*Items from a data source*
::::
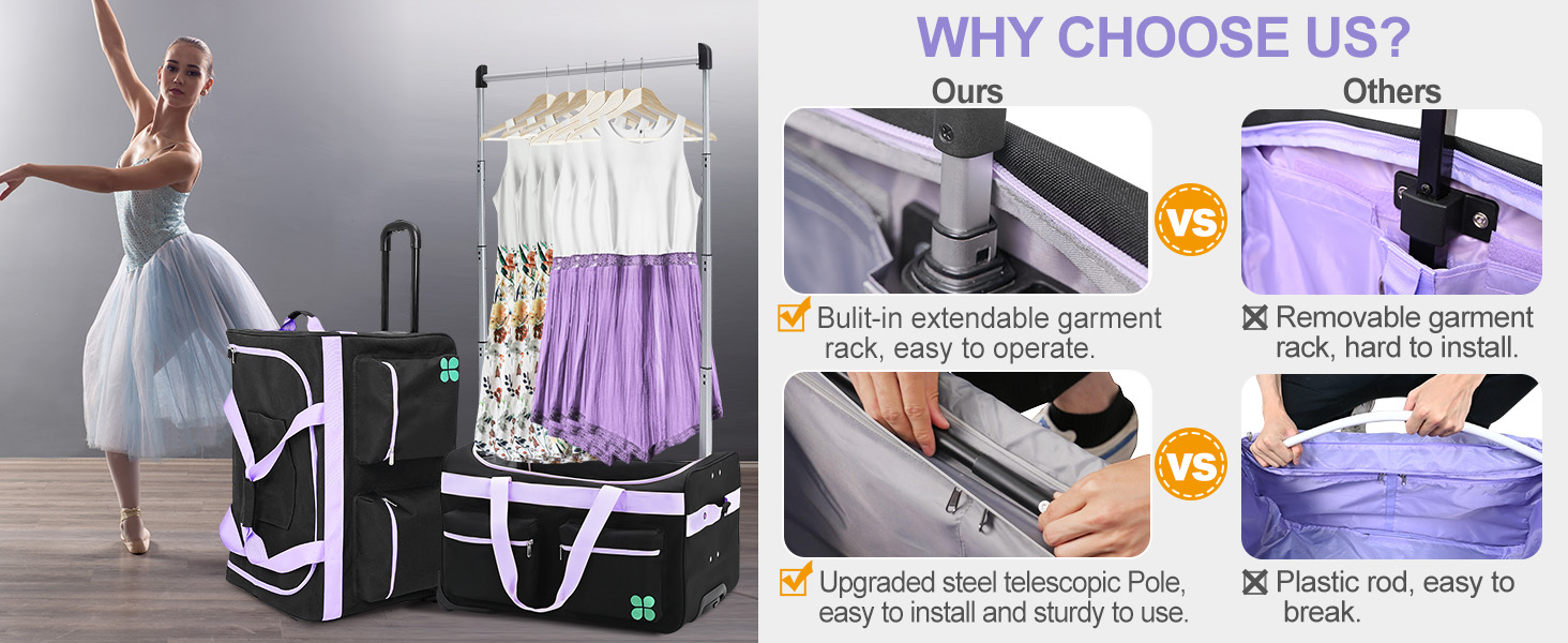 PREMIUM MATERIALS – The garment bag is made of high-quality materials that make it sturdy and stylish. Ripstop waterproof polyester fabric is scratch-resistant, anti-tear and anti water splashing, which can better protect your suit or dress.The smooth silent wheels and lightweight durable aluminum extendable garment rack make our dance bag the best choice for dancers.
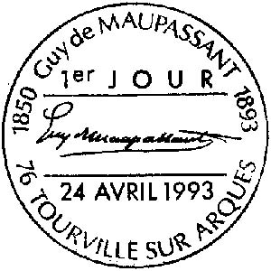 Турвиль сюр Арко. Первый день марки М2948. Автограф Мопассана.
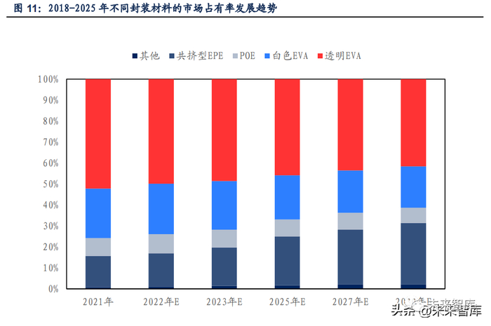 市场上封装材料主要有透明 EVA 胶膜、白色 EVA 胶膜、POE 胶膜、EPE(EVA-POE-EVA 共挤) 胶膜与其他封装胶膜(包括 PDMS/Silicon 胶膜、PVB 胶膜、TPU 胶膜)等。目前的主流是 EVA 胶膜,POE 胶膜在阻隔水汽能力、抗老化能力等方面表现突出。EPE 胶膜是 EVA 和 POE 共挤制备而成的,具备 POE 高抗老化能力、高阻隔水汽能力,同时 EVA 的加入也克服了纯 POE 胶膜加工性欠佳的问题,使得 EPE 胶膜兼具 POE 和 EVA 的优良性能。
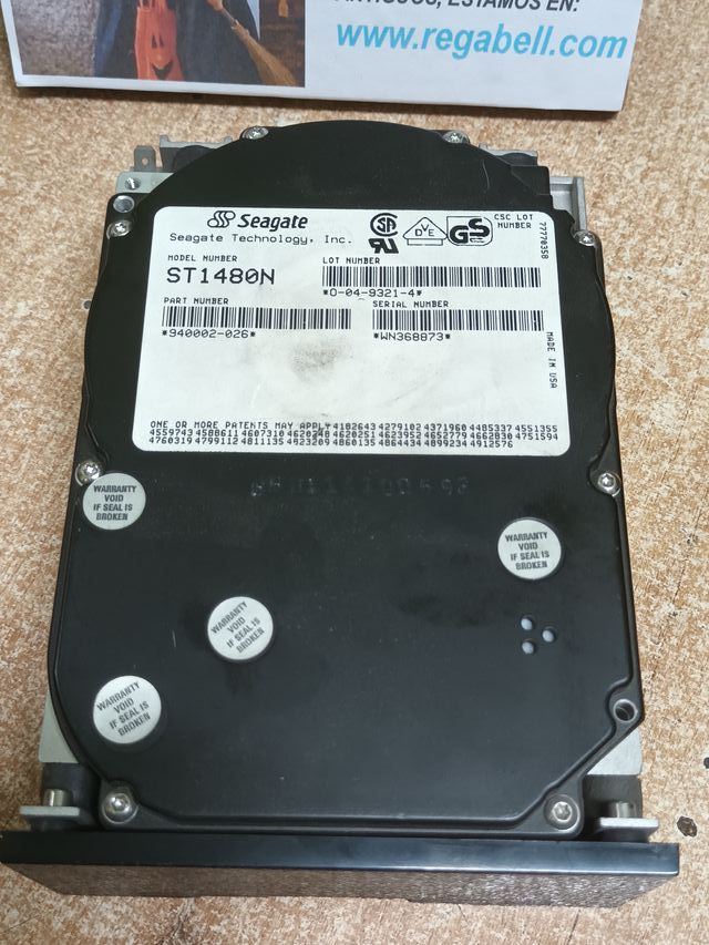 Detalles del productoDISCO INTERNO SEAGATE ST1480N, se desmonto de un equipo que tenia mal la placa, (ESTA SIN PROBAR) producto vintage, sin garantia ni devolucion, se vende tal cual esta, envio cable de datos de la foto, ref-13
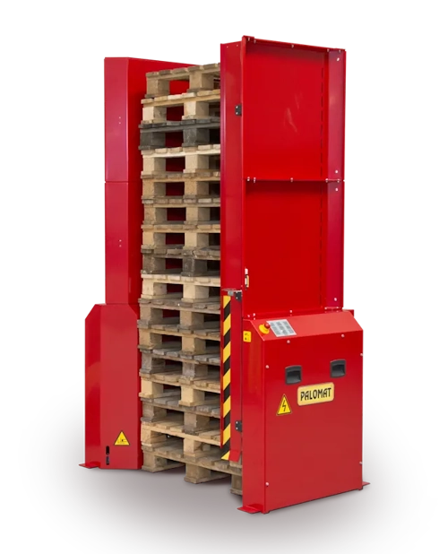 PALOMAT Stand Alone to stacjonarny magazynek palet, który automatyzuje sztaplowanie i rozsztaplowanie pustych palet na poziomie posadzki. Urządzenie porządkuje strefę pracy i eliminuje ręczne dźwiganie palet, dzięki czemu poprawia ergonomię i bezpieczeństwo. Dobrze pasuje do magazynu, produkcji i pakowni – wszędzie tam, gdzie regularnie odkładasz i pobierasz puste palety. Zyskujesz też bardziej płynny przepływ palet i mniej „pustych” przejazdów wózkiem tylko po to, żeby ogarnąć stosy palet.
::::
Would you return the data above exactly as written, minus the images?

*EXERCISE ANSWER*
 PREMIUM MATERIALS – The garment bag is made of high-quality materials that make it sturdy and stylish. Ripstop waterproof polyester fabric is scratch-resistant, anti-tear and anti water splashing, which can better protect your suit or dress.The smooth silent wheels and lightweight durable aluminum extendable garment rack make our dance bag the best choice for dancers.
 Турвиль сюр Арко. Первый день марки М2948. Автограф Мопассана.
 市场上封装材料主要有透明 EVA 胶膜、白色 EVA 胶膜、POE 胶膜、EPE(EVA-POE-EVA 共挤) 胶膜与其他封装胶膜(包括 PDMS/Silicon 胶膜、PVB 胶膜、TPU 胶膜)等。目前的主流是 EVA 胶膜,POE 胶膜在阻隔水汽能力、抗老化能力等方面表现突出。EPE 胶膜是 EVA 和 POE 共挤制备而成的,具备 POE 高抗老化能力、高阻隔水汽能力,同时 EVA 的加入也克服了纯 POE 胶膜加工性欠佳的问题,使得 EPE 胶膜兼具 POE 和 EVA 的优良性能。
 Detalles del productoDISCO INTERNO SEAGATE ST1480N, se desmonto de un equipo que tenia mal la placa, (ESTA SIN PROBAR) producto vintage, sin garantia ni devolucion, se vende tal cual esta, envio cable de datos de la foto, ref-13
 PALOMAT Stand Alone to stacjonarny magazynek palet, który automatyzuje sztaplowanie i rozsztaplowanie pustych palet na poziomie posadzki. Urządzenie porządkuje strefę pracy i eliminuje ręczne dźwiganie palet, dzięki czemu poprawia ergonomię i bezpieczeństwo. Dobrze pasuje do magazynu, produkcji i pakowni – wszędzie tam, gdzie regularnie odkładasz i pobierasz puste palety. Zyskujesz też bardziej płynny przepływ palet i mniej „pustych” przejazdów wózkiem tylko po to, żeby ogarnąć stosy palet.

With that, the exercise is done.